There is now a growing focus by academics and practitioners on concepts such as 'collective impact' (see Stanford Social
Innovation Review, FSG and the Collective Impact Forum); transformative partnerships (see UN Global Compact; McKinsey
papers); and Global Solution Networks. “Corporate Responsibility Coalitions” provides the only thorough historic review of the
business leadership networks that pioneered this approach, plus a forward-looking analysis on the role of collective business
impact in future.
RESPONSIBLE INNOVATION
Responsible Innovation, a project led by Dr Palie Smart, Doughty Centre Reader in Corporate Responsibility, seeks to
minimise unintended social and technological consequences by considering wider technological and societal implications in
early front-end innovation processes. Ten underlying themes related to responsible innovation have been identified in a
systematic literature review, which include a need to manage ethical rifts as well as unintended consequences in complex
environments, along with growing efforts to legitimize innovation processes and outcomes. Managing innovation responsibly
requires that both the foundational societal and technological core premises and future implications are explored with a wider
stakeholder audience in order to ensure an ability to reflect, anticipate and respond to potential technological and societal
threats. The findings of this research project have been presented at the British Academy of Management conference at
Liverpool in September 2013. Moreover a quick guide has been developed in collaboration with the EPSRC Centre for
Industrial Sustainability to facilitate dissemination to an industrial audience.
PhD STEFAN HEMEL
Organizations seeking sustainability-led innovations are challenged with a need to discover innovative market offerings for
sustainable value creation. Moreover increasing legislative, regulative and societal pressures on corporations to ‘do no harm’

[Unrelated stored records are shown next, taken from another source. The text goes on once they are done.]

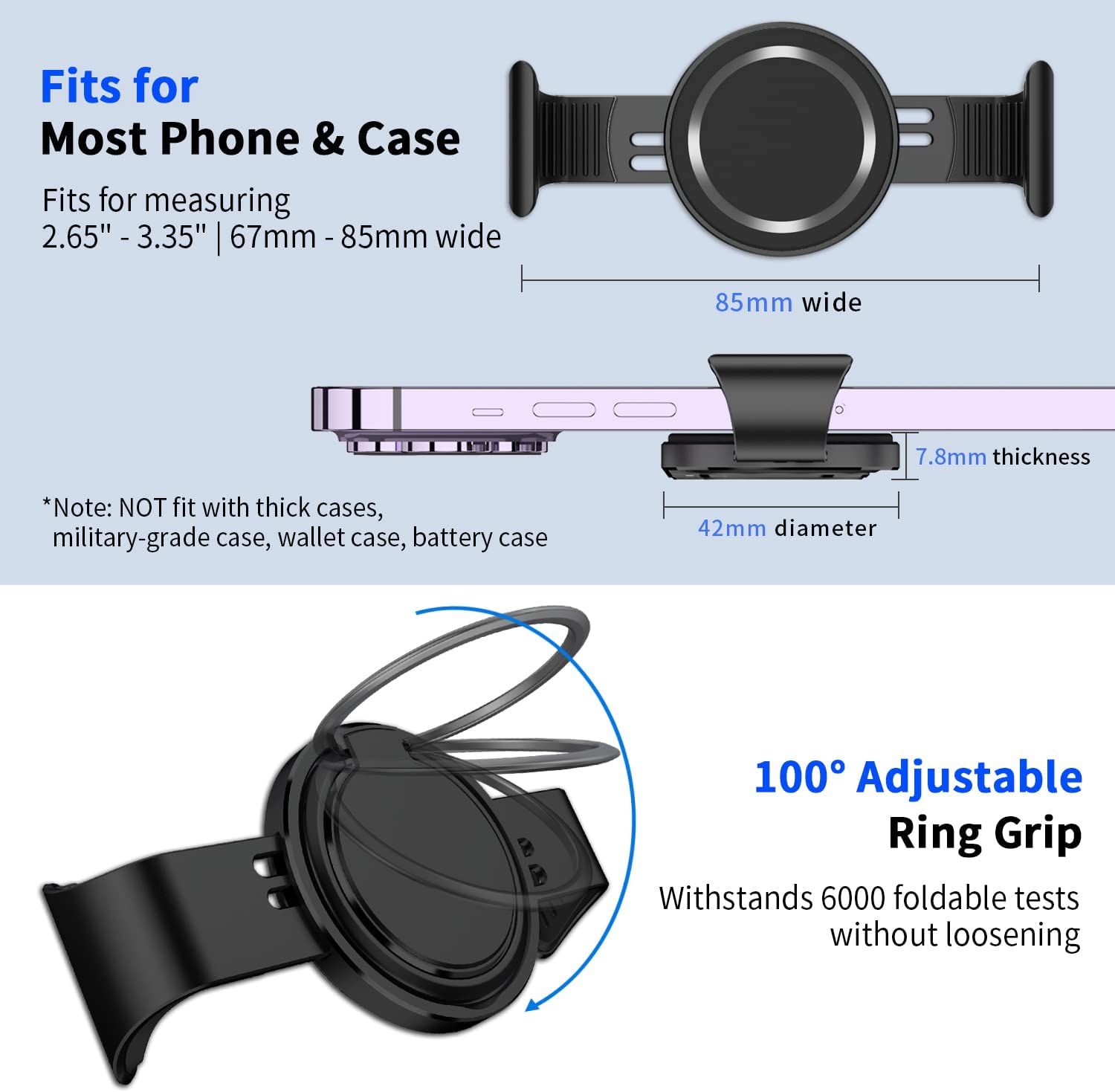 EASY CLIP & REMOVE - Unlimited reuse and anyone can use it. Fit for most any smartphones or phone cases measuring 2.65" - 3.35" | 67mm - 85mm wide. Easy to clamp and remove at anytime, does not affect wireless charging to more convenient.
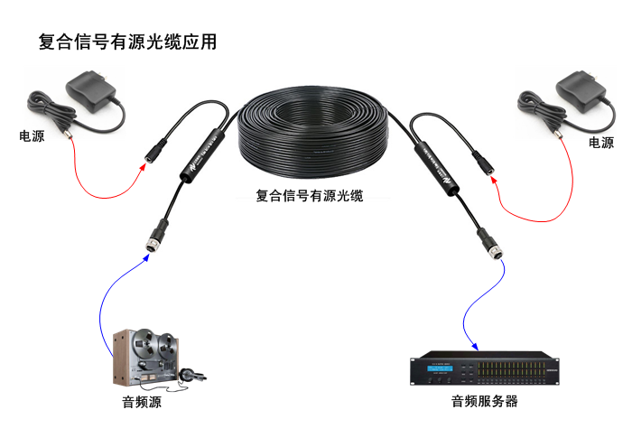 MIDI復合信號有源光纜AOC支持5V、12V(9~18V) 、24V(18~36V)、48V(36~72V)直流電源輸入設計,也可通過有源光纜中電纜混合的方式遠距離供電。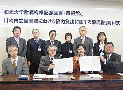 川崎市立図書館と和光大学附属梅根記念図書・情報館(町田市金井町)がこのほど、所蔵する図書を相互に貸出可能にする新協定を締結した。大学所蔵の専門書が市立図書館で借りられるようになった。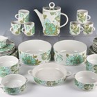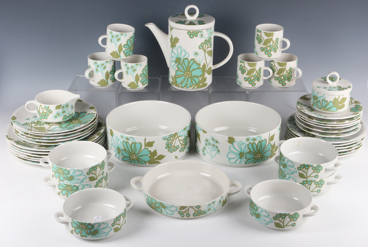 A Villeroy & Boch Scarlett pattern part service, designed by Christine Reuter, comprising two circular serving bowls, diameter 20.5cm, a two-handled shallow circular dish, diameter including handles 23.8cm, six two-handled soup bowls and stands, six dinner plates, diameter 24cm, five dessert plates, diameter 20cm, six coffee cups and saucers, coffee pot and cover, sugar bowl and cover and milk jug (plates scratched).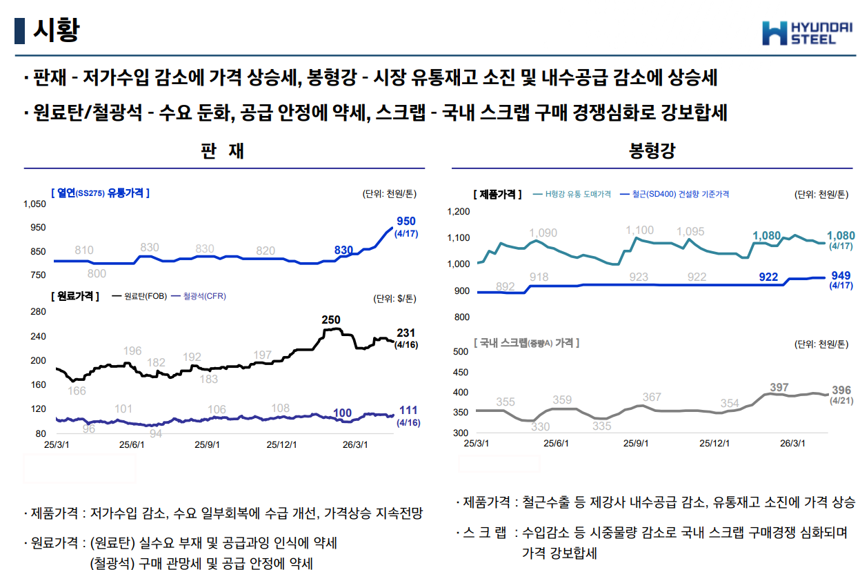 현대제철이 공개한 시황 분석에 따르면 판재 부문은 저가 수입재의 유입이 감소하고 수요가 일부 회복되면서 수급 불균형이 해소되는 양상이다. 이에 따라 열연(SS275) 유통 가격은 3월 83만 원 선에서 4월 17일 기준 톤당 95만 원까지 가파르게 올랐다. 반면 원료탄(231달러)과 철광석(111달러) 등 핵심 원재료 가격은 공급 안정화로 인해 약세를 보이고 있어, 제품 가격 상승에 따른 마진 확대가 기대된다.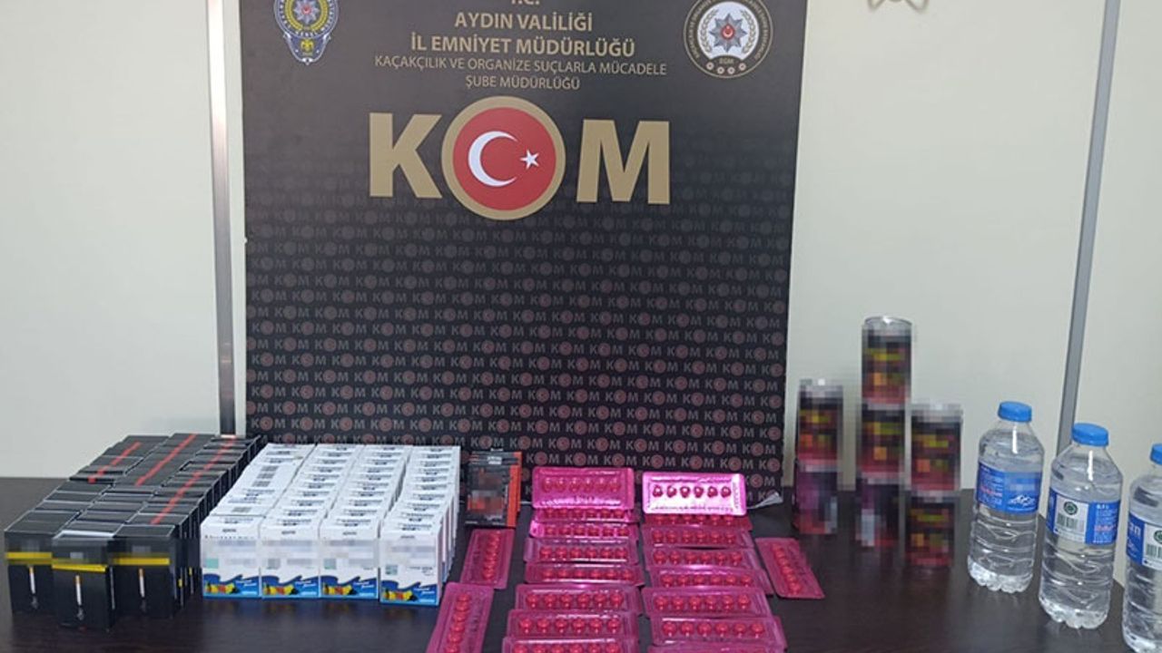 Aydın İl Emniyet Müdürlüğü ekiplerinin halk sağlığını tehdit eden ve vergi kaybına yol açan kaçakçılıkla mücadele çalışmaları aralıksız sürüyor. Edinilen bilgiye göre, Aydın İl Emniyet Müdürlüğü Kaçakçılık ve Organize Suçlarla Mücadele Şube Müdürlüğü ekipleri tarafından Köprülü Veysi Paşa Mahallesi Batı Gazi Bulvarı üzerindeki bir iş yerinde arama gerçekleştirildi. Yapılan aramada cinsel içerikli olduğu değerlendirilen 114 adet hap, 7 kutu içecek ve 280 adet jel ile 720 adet tütün doldurulmuş makaron ve 1,5 litre ev yapımı alkollü içki ele geçirildi. Olayla ilgili G.Ö. hakkında Kaçakçılıkla Mücadele Kanunu’na muhalefet suçundan adli işlem başlatıldı.

suggest a need to better manage environmental, social and economic impacts of innovations. Firms that explore
sustainability-led innovations beyond familiar grounds are found to be involved in a search of extra-organizational knowledge
in hybrid organizational forms that bring together seemingly paradoxical market and social ambitions as reflections of their
unique institutional origins, for mutual gain.
While such hybrid organizational forms offer innovation opportunities through juxtaposing and combining different
organizational logics, unintended consequences and value conflicts may arise owing to their institutional origins which hamper
innovation. This observation drives Doughty Centre doctoral student Stefan Hemel’s doctoral study which explores how such
emerging paradoxical tensions are reconciled during the search for sustainability-led innovations in different hybrid
organizational forms. The outcome of this research is an empirically informed conceptual model that supports organizations in
their endeavour to search for sustainability-led innovations. Practitioners are expected to benefit from different reconciliation
strategies which accelerate sustainability-led innovation.